If your team cut five really good and very popular players for salary cap reasons and now these highly touted college draft picks are turning out to be busts – and your team stinks and doesn’t make the playoffs – you don’t have a choice. You’ll be back next season, hoping to find a trio of potential Pro Bowlers in the draft. Because the NFL is the only game in town. And you are a loyal fan.
In the television industry, there’s cable. And there’s streaming services – like Netflix and Hulu. And by dint of sheer volume through the years, there are plenty of options on the DVD boxed set front – great shows viewers never got around to but can watch now because they hate your current shows. People don’t need to watch network television. They have an abundance of options. They don’t have to be fans of ABC or NBC or Fox or CBS.
Which is why the tumult and turnover of the upfront process – repeated every year in the same manner – is a business disaster (and has been for years). It’s also, however, a by-product of a system that needs voluminous content to sustain itself, and that content, which is pricey, needs millions of devoted viewers to watch it or, again, it can’t be sustained. It can only implode.
So, how does broadcast television keep a loyal and robust audience when every May it cancels so many shows that people like, thus pissing them off and, over a series of repeated instances through the years, drives them away?
Well, that’s simple. It doesn’t.
Which is where we are now. A plethora of options means viewers will eventually get tired of being burned after they watch 13 or 22 episodes of something and then have it taken away (many times, of course, this happens before that full run of episodes is ever completed).

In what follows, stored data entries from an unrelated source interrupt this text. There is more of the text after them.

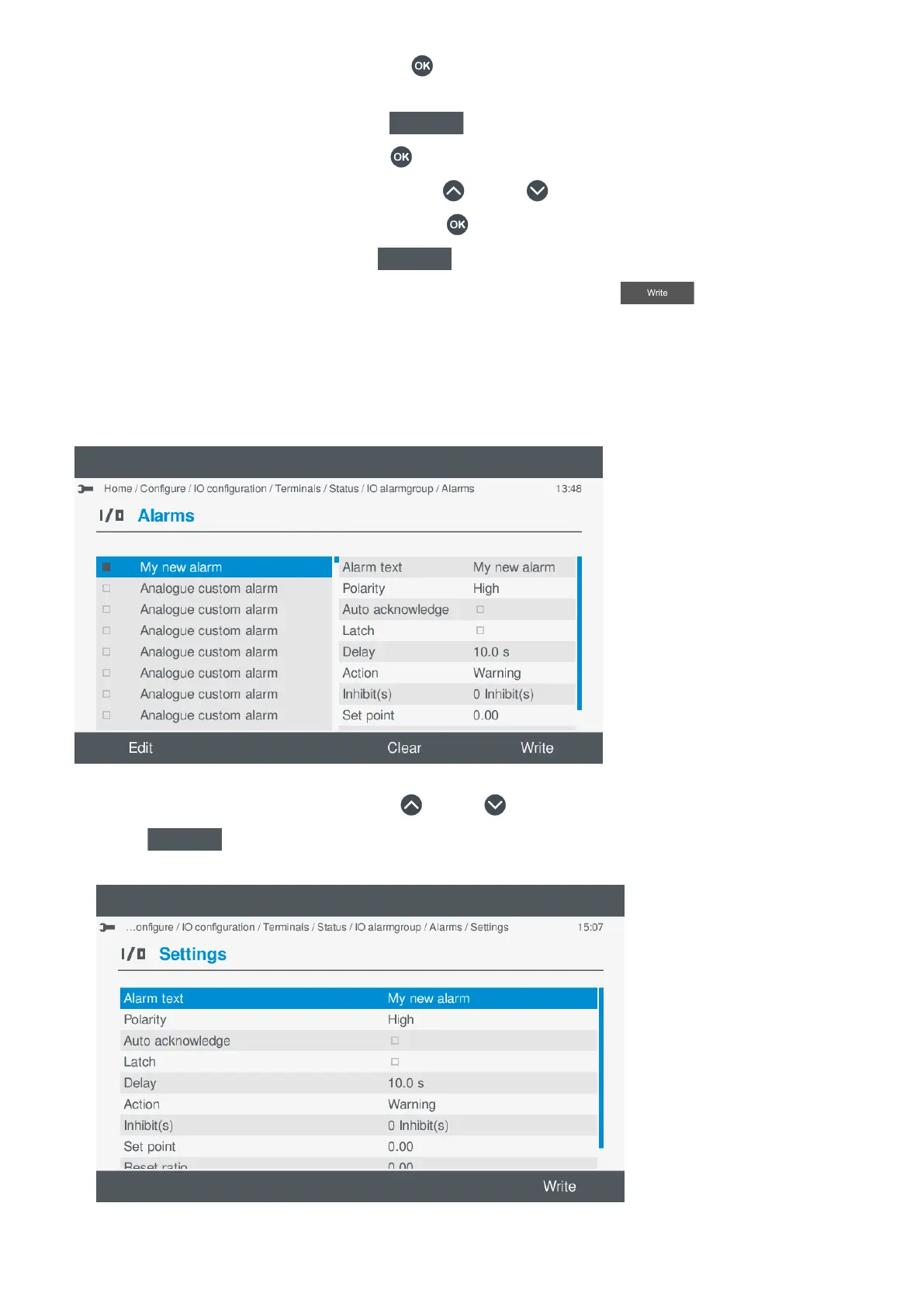 c. Once you have made all the required changes to the alarm settings, select Write .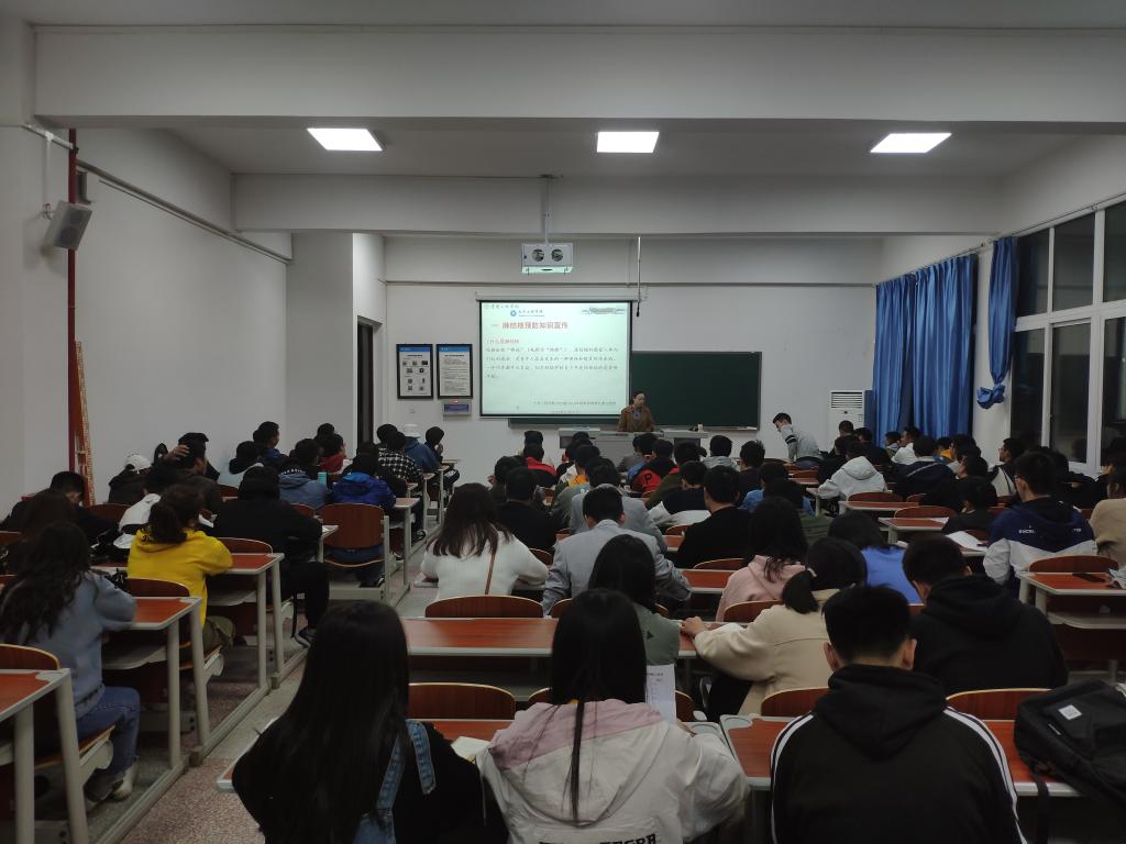 张小梅老师就肺结核、艾滋病、登革热等秋冬季易感传染病的临床症状、传染途径、危害和预防措施进行了详细介绍,要求同学们自觉养成良好的卫生习惯,把好“病从口入关”;合理安排好作息和健康饮食,做到生活有规律,避免抵抗力下降;教室、寝室每天应开窗通风,保持室内空气畅通;号召同学们积极参加体育锻炼,增强体质。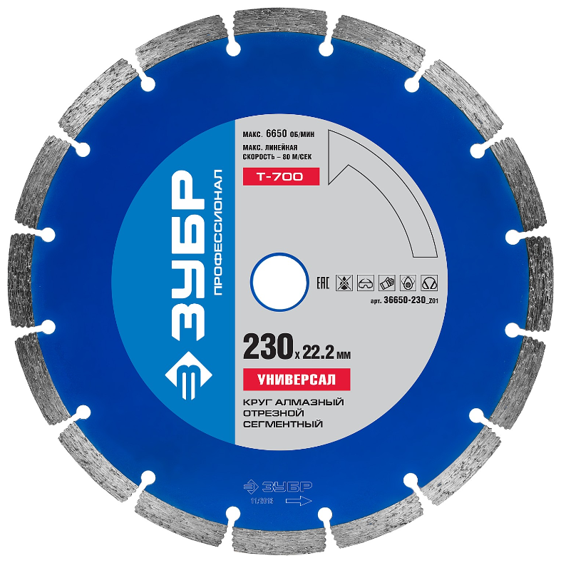 Алмазный диск 230х22,2мм ЗУБР "ПРОФИ" УНИВЕРСАЛ сегментный, сухая резка 36650-230_z01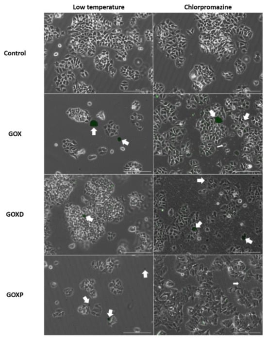 Finally, an interaction of GOX, GOXD and GOXP with the cells was observed (Figure 4 and Figure 5). The mechanism of incorporation of the materials could depend on the cytoskeleton. This result characterizes macropinocytosis, in which the internalization of large amounts of extracellular material occurs by the activation of actin microfilaments to move the digestive vesicle. This explains the structural changes caused by the materials [37] and was confirmed qualitatively through the use of internalization inhibitors in GOX and GOXD (Figure 7). In GOXP, however, there was a qualitative decrease in interaction with cells with 28 µM of chlorpromazine, which inhibits clathrin-mediated endocytosis (Figure 8).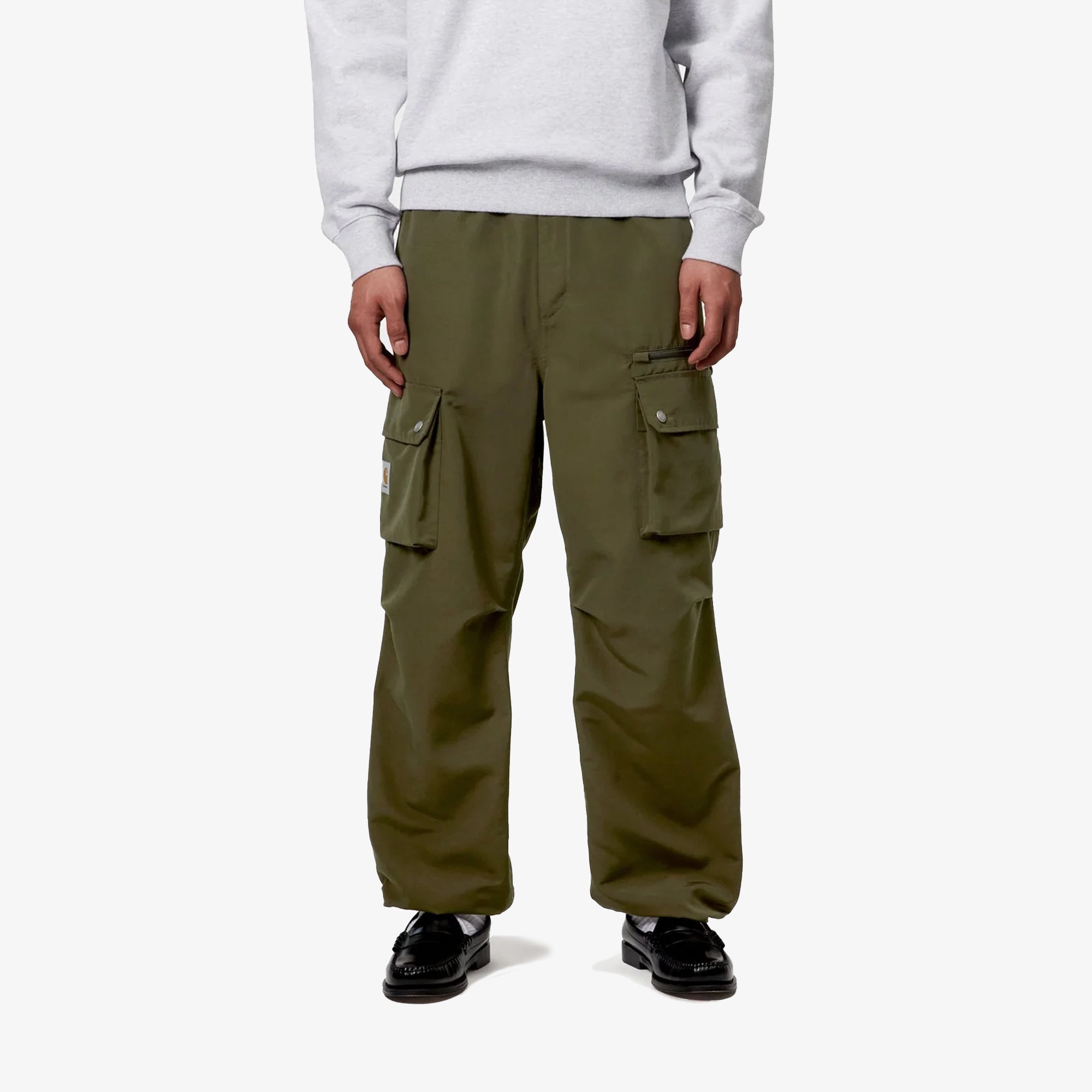 The Irwin Pants are an outdoor-inspired style made from lightweight, water-repellent polyester poplin. The silhouette is a relaxed tapered fit with a regular waist. Multiple pockets are placed on the front, sides, and back of the pants. There is also a zip pocket on the left leg. The Carhartt WIP square label tightens the design.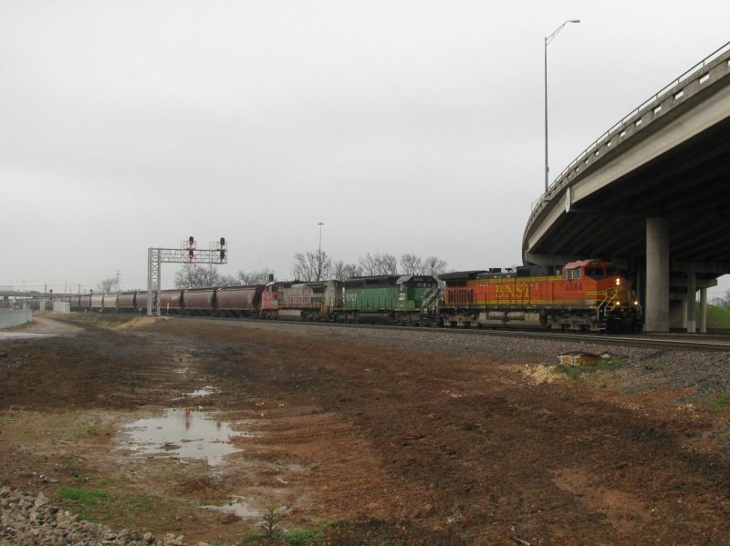 Die BNSF Loks 4884 (Dash 9), 6704 (SD40-2, mit Burlington Northern Lackierung) und 873 (Dash 9, mit Santa Fe Lackierung) ziehen am 15.2.2008 einen Güterzug. Aufgenommen bei starken Regen in Houston (Texas).

This is a diminishing returns hootenanny we have here. And, this being 2014 instead of the 1990’s, the results are more catastrophically riveting. The overall network audience decreases with the expansion of other options, but the Big Tent business model of reaching a broad audience by supplying that model with numerous incredibly expensive series hasn’t been revolutionized yet, certainly not to any kind of perfection.
So madly creating series, offering them to a dwindling customer base, canceling them in progress or after one season and then repeating the cycle again is insane. It’s asking people to be suckers and dopes eternally. That only works when you’re a monopoly.
And so, as this hellish week of upfront news filters out and annoys the remaining customers – days before they get all the splashy spin about the future – you have to wonder how many more of them will be missing when fall rolls around.